The album was nominated for a Latin Grammy for Best Banda Album at the 3rd Annual Show in 2002.

Professional ratings
Review scores
| Source | Rating |
| AMG | Star |
| Billboard | Favorable |

==Commercial performance==
The album achieved success by its genre standards. Thalía con banda: Grandes éxitos shifted 75,000 units in its first day of release. The album sold an estimated half-million copies worldwide. In late 2001, Billboard said that the album sold well, and proved "appealing both to regional Mexican and pop audiences who do not seem turned off by the singer's new look or sound". Although sources stated that EMI awarded the album a gold record for its sales in Mexico, it was not certified by AMPROFON.

Thalía con banda: Grandes éxitos entered the Billboard 200 at number 167, and peaked at number two in both Billboards Top Latin Albums and Regional Mexican Albums. The album was certified "Disco De Platino" by the Recording Industry Association of America for shipment of 100,000 copies to the United States. According to Leila Cobo from Billboard, Thalía received multiple certifications for the album's sales in the United States and Latin America. "Amor a la Mexicana (version banda)" stayed four weeks at number one in Thalía's home country, according to her record label.

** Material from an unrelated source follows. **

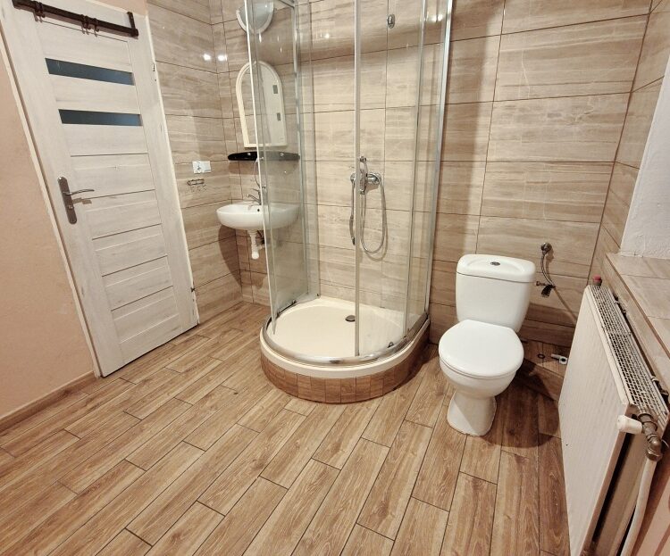 Mieszkania posiadają po 2 pokoje, kuchnia, łazienka z prysznicem i korytarz

In Europe, Thalía con banda: Grandes éxitos debuted at number 24 on the Hungarian Charts, and stayed three weeks at number one in Greece. It became the first Regional Mexican-style album to be certified in Spain, and entered in markets such as Czech Republic, Portugal, Russia, Canada, Israel, and Bulgaria.

== Track listing ==

| No. | Title | Writer(s) | Length |
|---|---|---|---|
| 1. | "Amor a la Mexicana" | Mario Pupparo | 3:58 |
| 2. | "Piel Morena" | Kike Santander | 4:37 |
| 3. | "Rosalinda" | K. Santander | 3:53 |
| 4. | "Quiero Hacerte el Amor" | Daniel Garcia, Mario Schajris | 3:47 |
| 5. | "Arrasando" | Thalia Sodi, Emilio Estefan Jr., Lawrence P. Dermer, Robin Dermer | 3:58 |
| 6. | "Cuco Peña" | T. Sodi | 3:49 |
| 7. | "Por Amor" | K. Santander | 3:54 |
| 8. | "Entre el mar y una estrella" | Marco Flores | 3:29 |
| 9. | "María la del Barrio" | Viviana Pímstein, Paco Navarrete | 3:55 |
| 10. | "Noches Sin Luna" | Jose Miguel Velasquez, K. Santander | 3:48 |
| 11. | "La revancha" | T. Sodi | 4:01 |
| 12. | "Gracias a Dios" | Juan Gabriel | 3:45 |
| 13. | "Amor a la Mexicana" (Emilio Mix) | M. Pupparo | 4:01 |
| 14. | "Piel Morena" (Emilio Mix) | K. Santander | 4:40 |

==Charts==

===Weekly charts===

| Country | Peak position |
|---|---|
| Greece International Albums (IFPI Greece) | 1 |
| Hungarian Albums (MAHASZ) | 17 |
| Spain Albums Chart (Promusicae) | 7 |
| US Billboard 200 | 167 |
| US Top Latin Albums (Billboard) | 2 |
| US Regional Mexican Albums (Billboard) | 2 |
| US Heatseekers Albums (Billboard) | 7 |

===Year-end charts===

| Chart (2001) | Peak position |
|---|---|
| Hungarian Albums Chart | 143 |
| US Top Latin Albums (Billboard) | 51 |
| US Regional Mexican Albums (Billboard) | 18 |

==Certifications and sales==

| Region | Certification | Certified units/sales |
| Spain (Promusicae) | Gold | 80,000 |
| United States (RIAA) | Platinum (Latin) | 100,000^{^} |
^{^} Shipments figures based on certification alone.